Personal information
- Born: January 20, 1937 Jaffa, Palestine
- Died: February 21, 1994 (aged 57)
- Nationality: Israeli
- Listed height: 1.89 m (6 ft 2 in)

Career history
- 1954–1966: Hapoel Tel Aviv

= Haim Hazan (basketball) =

Israeli basketball player (1937–1994)

Haim Hazan (חיים חזן; January 20, 1937 – February 21, 1994) was an Israeli basketball player. He played the guard position. He played in the Israel Basketball Premier League, and for the Israeli national basketball team.

==Biography==
Hazan was born in Jaffa in Palestine, and grew up playing in the Hassan-Bek youth club in the Manshiya neighborhood of Jaffa.
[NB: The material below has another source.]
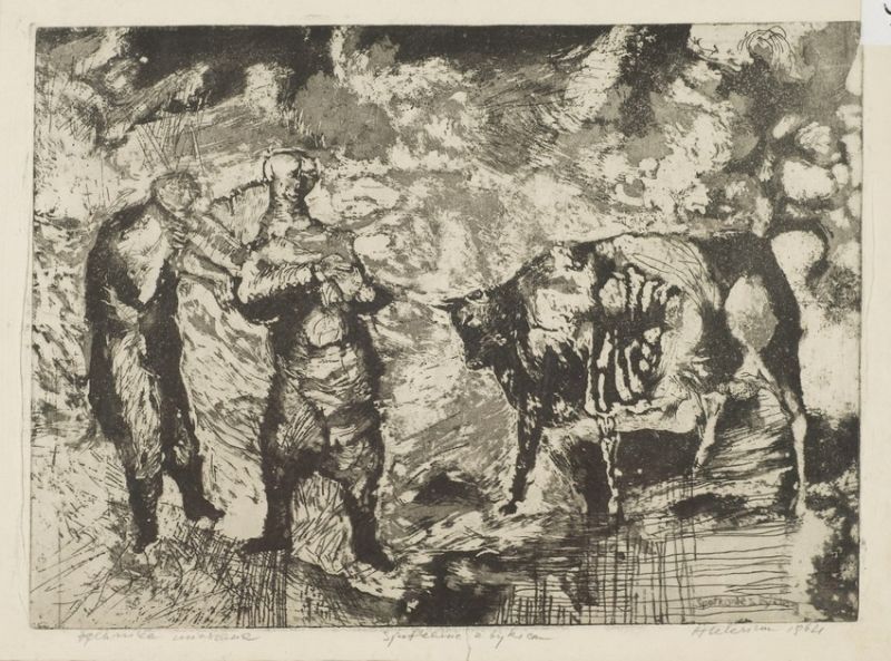 Jan Jaromir Aleksiun ( 1940 - ) is a Polish painter. Jan Jaromir Aleksiun s works have been put up for auction numerous times, with realized prices surpassing estimated prices, varying from 118.91 USD for Rest is Silence ar. 1974 in 2005 to 248.02 USD for Seans in 2006 , based on the size and medium of the artwork.

He was 1.89 m (6 ft 2 in) tall. When Hazan was 19 years old, American basketball coach Elmer Ripley said: "This is the little one, he will be huge. He will be the best basketball player in Israel."

He played 11 seasons in the Israel Basketball Premier League for Hapoel Tel Aviv from 1954 to 1966. Hazan had leg surgery in both April and May 1965, leading to the end of his career at 27 years of age. He later coached Hapoel Tel Aviv and other basketball teams. His son Erez played 13 seasons in the league.

Hazan played in 50 games for the Israeli national basketball team. He also played while he was in the army for the Israel Defense Forces basketball team. He played for the national team in the 1959 European Championship for Men, 1960 Pre-Olympic Basketball Tournament, 1961 European Championship for Men, 1963 European Championship for Men, 1964 European Olympic Qualifying Tournament for Men, and 1965 European Championship for Men.

During and after his basketball career, Hazan was a professional glassblower.